Prioritizing great-power conflicts at the strategic level must impact the Department of Defense’s planning decisions more directly and urgently. As far as a potential objection to downgrading global war on terrorism–era counterinsurgencies and the global counterterrorism campaign in favor of great-power competition–derived conventional requirements, one must admit the objectively immense costs and paltry strategic benefits of military interventions in Afghanistan, Iraq, and the broader Middle East. This admission is painful for the current generation of US military leaders, but a ruthless costs-benefits calculus of the risks of losing a great-power war compared to more instability in secondary theaters points to a needed shift in priorities.

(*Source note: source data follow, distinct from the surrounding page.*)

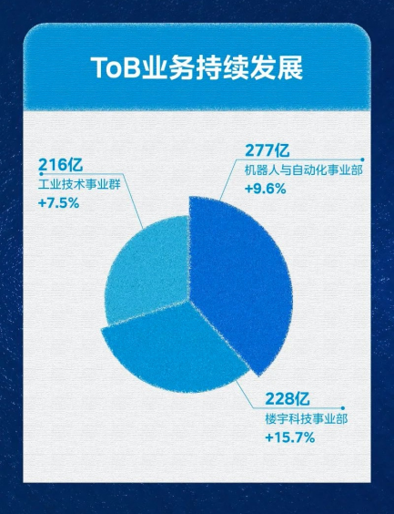 其中,智能家居事業(yè)群要實現(xiàn)高質(zhì)量增長,確保穩(wěn)定、持續(xù)的盈利能力和現(xiàn)金流;要通過創(chuàng)新變革,突破性解決非優(yōu)勢品類、新興品類、高端品牌等方面發(fā)展中的問題和挑戰(zhàn)。同時堅定發(fā)展第二引擎,著力發(fā)展機器人與自動化、樓宇科技和新能源等核心ToB業(yè)務(wù);聚焦研發(fā)投入強度和體系建設(shè),對標(biāo)世界級標(biāo)桿企業(yè)進(jìn)行提升,同時積極布局海外業(yè)務(wù),實現(xiàn)全球突破。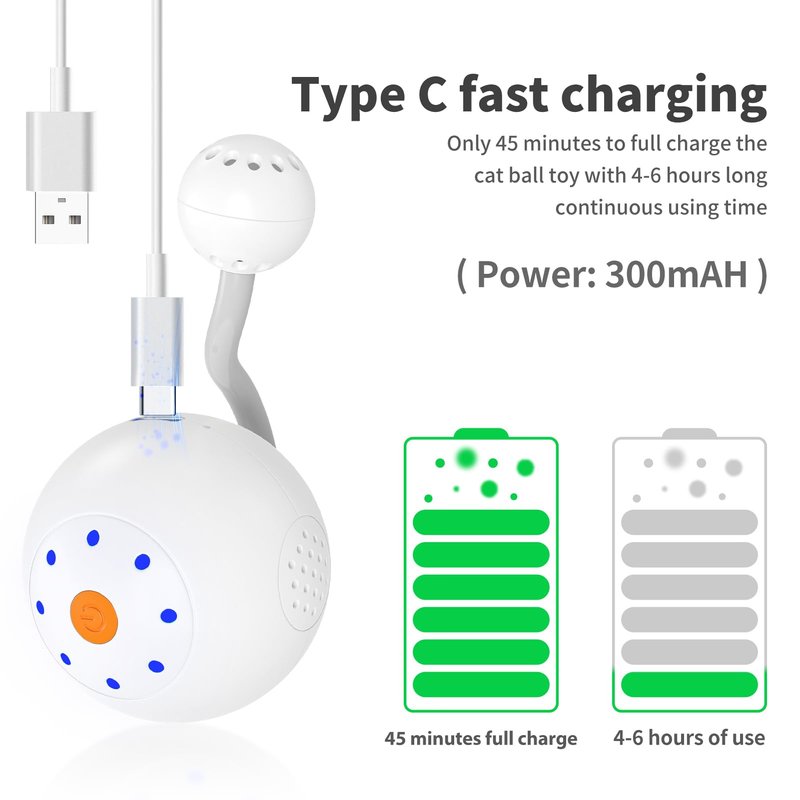 - [Fast Type C Charging] - Type C fast charge just 45 minutes the cat ball can be full charged. Provides your kitty up to 4-6 hours of fun time and comes with type C cable. No need to replace batteries, environmentally friendly and save money. The ball can run on any type of hard floor such as marble, wood, tils floor, thin carpet. The flashing LED color light will make the cat feel more interesting and bring more joy to your cat.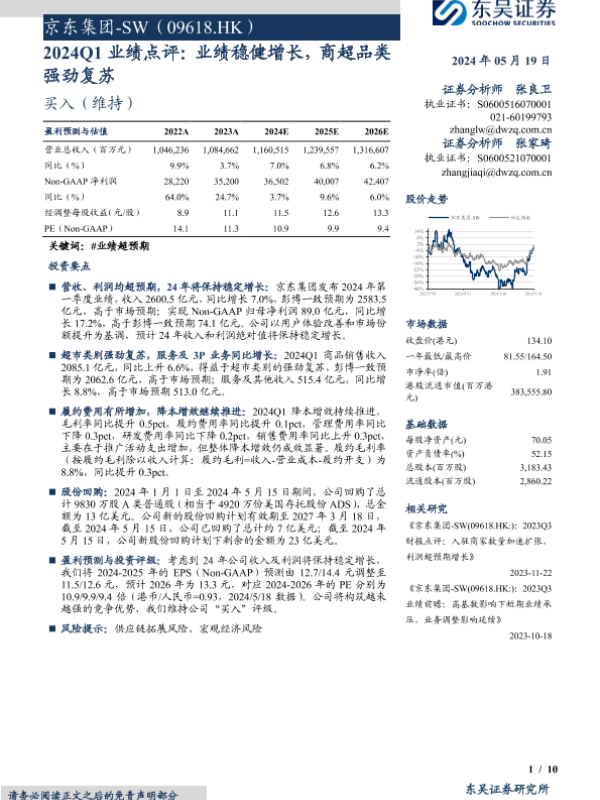 【东吴证券】【20240519】京东集团-SW(09618.HK)2024Q1业绩点评:业绩稳健增长,商超品类强劲复苏-10页 行业研究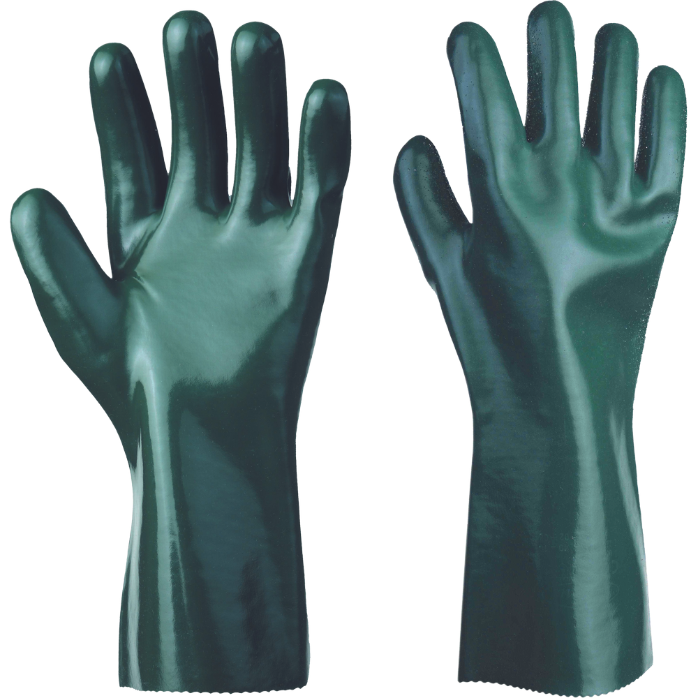 Šitý bavlnený úplet máčený v PVC s nitrilem, ochrana proti mechanickému a chemickému riziku, délka 35 cm. Splňují normy EN 420, EN 388 (3121X), EN ISO 374-1 (type A A2 J2 K6 L6 M4 N3 O2 P6 S6 T6)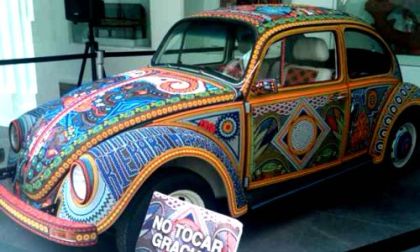 The indigenous Huichol tribe of Jalisco and Nayarit, Mexico is known for their exquisite and colorful designs and decorations in beadwork – now they have applied their stylish art to a VW Beetle completely covered with 200 lbs. of the tiny beads as part of a project for the Museum of Popular Art in Mexico City.

Optimizing Around the Taiwan Strait Scenario
Third, while there are several ways the United States and China could end up in a direct military conflict, including contingencies in the South China Sea or cyberspace, none is more likely or more dangerous than a Chinese invasion of Taiwan. If Washington cannot stop Beijing from conquering Taiwan, it cannot prevent China from becoming a de facto regional hegemon. Australia, Japan, and South Korea would have to accommodate China in that scenario.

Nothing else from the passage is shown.